▶ [Work request]: All lines from the one that has "изысканностью его времени." onward to the end of the records below are to be returned exactly; pictures are to be skipped.

══ Recorded information

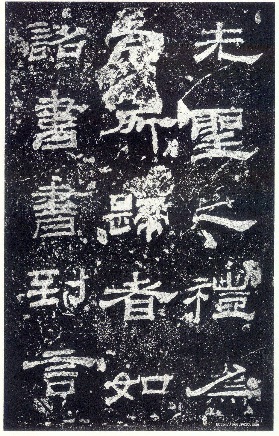 清 康有为:建初以后,变为波磔,篆、隶迥分。于是《衡方》、《乙瑛》等碑,体扁已极,波磔分背,隶体成矣。(《广艺舟双楫》)
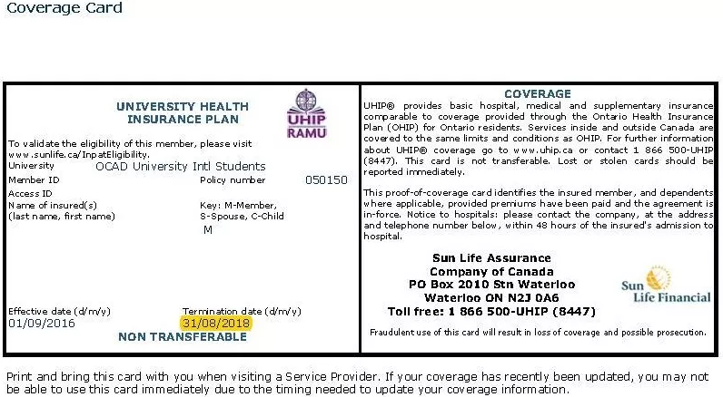 別小看這張紙,它的價(jià)值可是高達(dá)$612加元。法律規(guī)定,所有持Study Premit進(jìn)入加拿大學(xué)習(xí)的學(xué)生必須購(gòu)買醫(yī)療保險(xiǎn),所以不管是中學(xué)生還是大學(xué)生,開(kāi)學(xué)第一天都請(qǐng)記得去學(xué)校的Registrar Office(學(xué)生登記處)把自己的醫(yī)療保險(xiǎn)單打印出來(lái)。
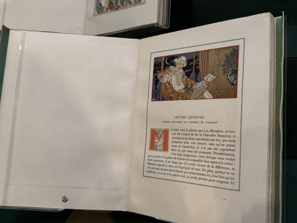 Роман «Опасные связи», впервые опубликованный в 1782 году, стал одним из самых успешных произведений XVIII века. У Марии-Антуанетты был экземпляр в её библиотеке в Версале. В нём рассказывается о падении двух коварных аристократов, которые используют своё обаяние для достижения социального господства. В этом издании в стиле ар-деко иллюстрации Барбье сочетают в себе декадентство и гламур обречённого старого режима с утончённой изысканностью его времени.
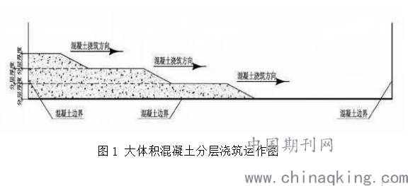 目前,分层持续浇筑法是大体积混凝土建设运作中使用率最高的方式。此种浇筑方式的核心特征便是借助混凝土层面道开展散热,有助于大体积混凝土的浇筑块的温度管控。与此同时也便于混凝土后期振捣运作的高品质开展,如此便更好保障了大体积混凝土的浇筑品质。如下图1所示,为大体积混凝土分层浇筑运作图。
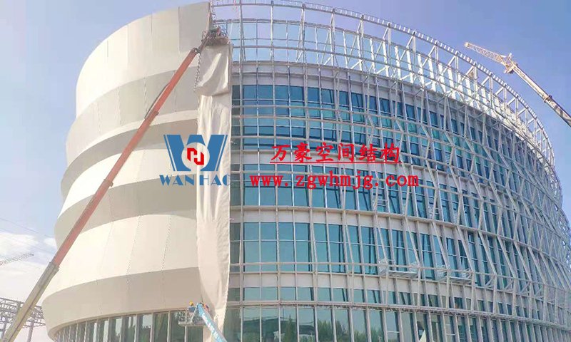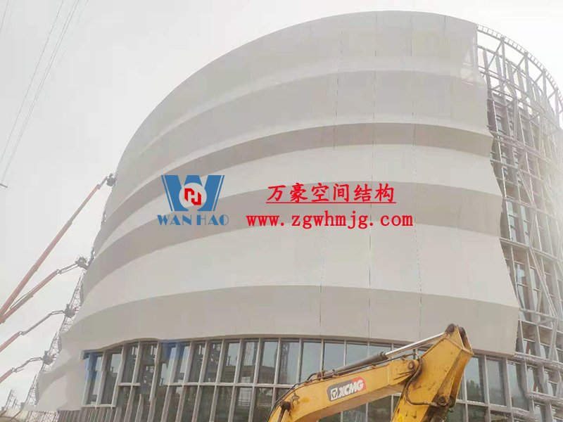 本工程項目為原有建筑物外立面網格膜裝飾及其支撐鋼結構體系安裝工程。外立面膜裝飾面面積14000㎡,用鋼量600噸。

════

▶ [The completed task]:
 Роман «Опасные связи», впервые опубликованный в 1782 году, стал одним из самых успешных произведений XVIII века. У Марии-Антуанетты был экземпляр в её библиотеке в Версале. В нём рассказывается о падении двух коварных аристократов, которые используют своё обаяние для достижения социального господства. В этом издании в стиле ар-деко иллюстрации Барбье сочетают в себе декадентство и гламур обречённого старого режима с утончённой изысканностью его времени.
 目前,分层持续浇筑法是大体积混凝土建设运作中使用率最高的方式。此种浇筑方式的核心特征便是借助混凝土层面道开展散热,有助于大体积混凝土的浇筑块的温度管控。与此同时也便于混凝土后期振捣运作的高品质开展,如此便更好保障了大体积混凝土的浇筑品质。如下图1所示,为大体积混凝土分层浇筑运作图。
 本工程項目為原有建筑物外立面網格膜裝飾及其支撐鋼結構體系安裝工程。外立面膜裝飾面面積14000㎡,用鋼量600噸。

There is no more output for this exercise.